North Yorkshire Police will be continuing its weekly Facebook live broadcast this Thursday at 4pm talking about the latest Covid-19 based scams and giving tips on how to work safely from home. I hope you are able to watch. Just access the North Yorkshire Police Facebook page https://www.facebook.com/NorthYorkshirePolice/ .

North Yorkshire Police have received a lot of emails from concerned North Yorkshire residents who have received suspicious emails concerning the Corona virus. This is being replicated across the country. As a result, the Government Communication headquarters (GCHQ) is asking members of the public to report suspicious emails they have received that seek to exploit fear of Covid-19 to enrich cybercriminals. The National Cyber Security Centre (NCSC), has launched the suspicious email reporting service with a simple request of the public: forward any dubious emails to report@phishing.gov.uk, and the NCSC’s automated scanning system will check for scam emails and remove the criminal sites.

The below has been received from the National Fraud Intelligence Bureau (NFIB) and we have seen a large increase in these types of scams in the North Yorkshire area.

A total of 9,473 phishing emails linked to sextortion have been made to the NFIB phishing inbox between 31/03/2020 – 19/04/2020.

There has also been just over 200 reports made to Action Fraud in the last week.

Sextortion scams are a type of phishing attack whereby people are coerced to pay a BitCoin ransom because they have been threatened with sharing video of themselves visiting adult websites.
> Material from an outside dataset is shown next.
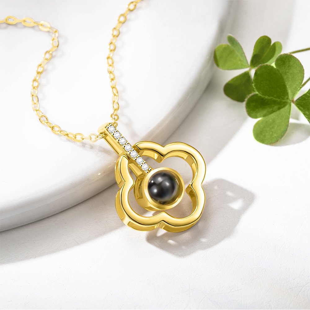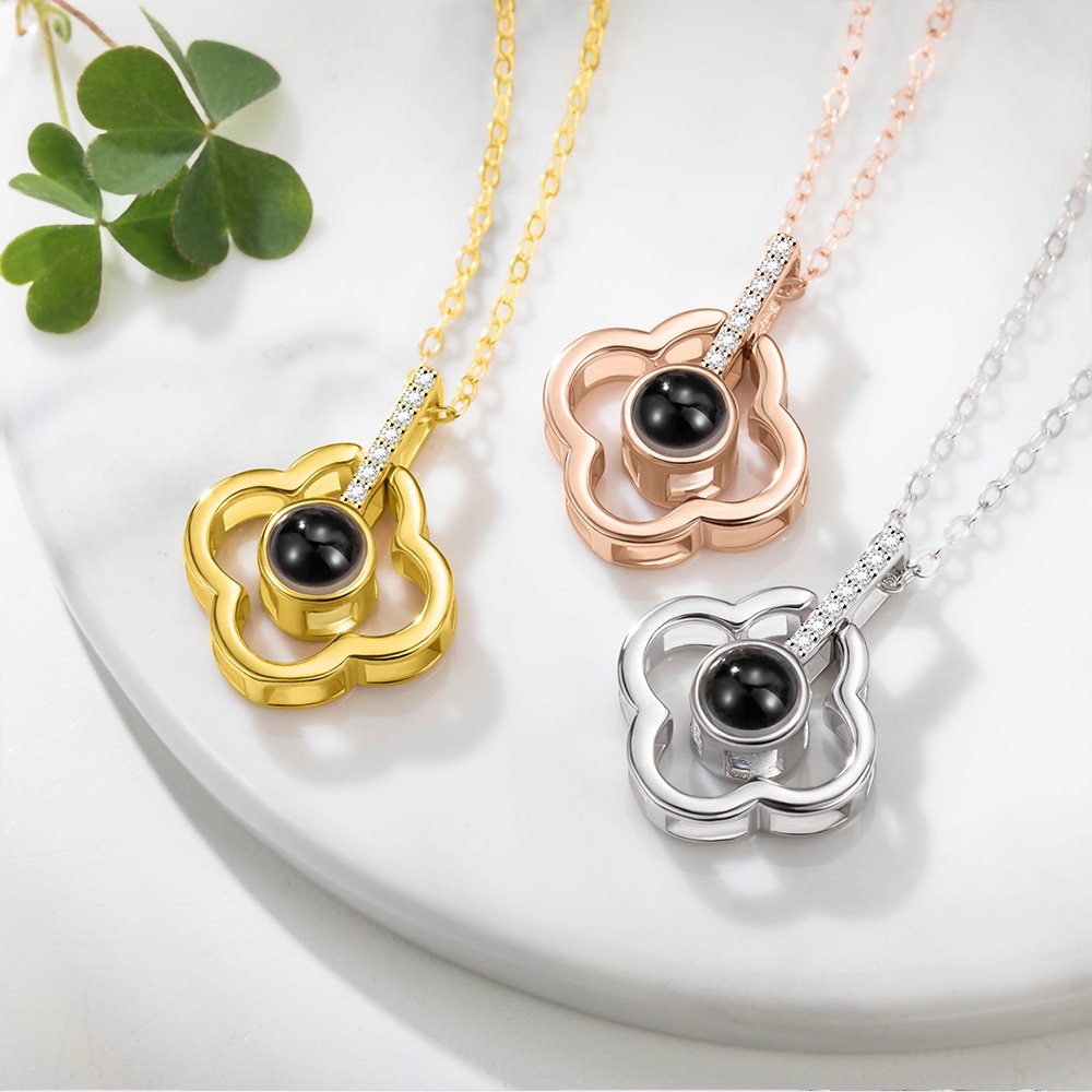 Collana personalizzata in argento sterling con proiezione di foto del quadrifoglio e 100 lingue per la festa della mamma e l'anniversario.

These scams are made to appear all the more credible because they provide seemingly plausible technical details about how this was achieved, and the phish can sometimes also include a password used by the recipient.

The current campaign threatens that if the victim does not provide a payment within a specific timeframe (payments usually ranging from $1,000 to $4,000), which is requested into a bitcoin wallet, then a compromising video will be shared to all their contacts and social media channels.

What you need to do

  • Do not reply or click on any of the links in the email. You can report the email to Action Fraud at actionfraud.police.uk/report-phishing.
  • Don’t be tempted to make the Bitcoin payment. Doing so may encourage more scams as the fraudster will know they have a ‘willing customer’.
  • If you have made the Bitcoin payment, you should report it to your local police force by calling 101.
  • If the email includes a password you still use then change it immediately.
  • For more information, visit: actionfraud.police.uk/sextortion

Amazon Prime Scam

Action Fraud has received over 500 reports about an automated call impersonating Amazon. The recipient of the call is informed fraudsters have used their personal details to subscribe to Amazon Prime and are instructed to ‘press 1’ if they wish to cancel the subscription. When victims do this they are automatically connected to criminals posing as Amazon Customer Services who attempt to remotely access the victims computer in order to steal personal and financial details. remember, never install any software as a result of a cold call. Criminals like to use ‘TeamViewer’ to remotely access your computer. Always question uninvited approaches in case it is a scam. Put the phone down and contact the company direct. Remember to ensure the phone line is cleared before dialling out and if in doubt put the phone down and terminate the call.

HMRC Scam

There has been a marked increase in the number of reports made to Action Fraud, of residents receiving an automated call supposedly from HMRC who state there is a warrant out for your arrest due to unpaid tax and to press 1 to speak to an advisor. This is a scam. Do not press 1 and terminate the call. This scam has been around for a while now and still catches people unawares. Please spread the message across your family and friends.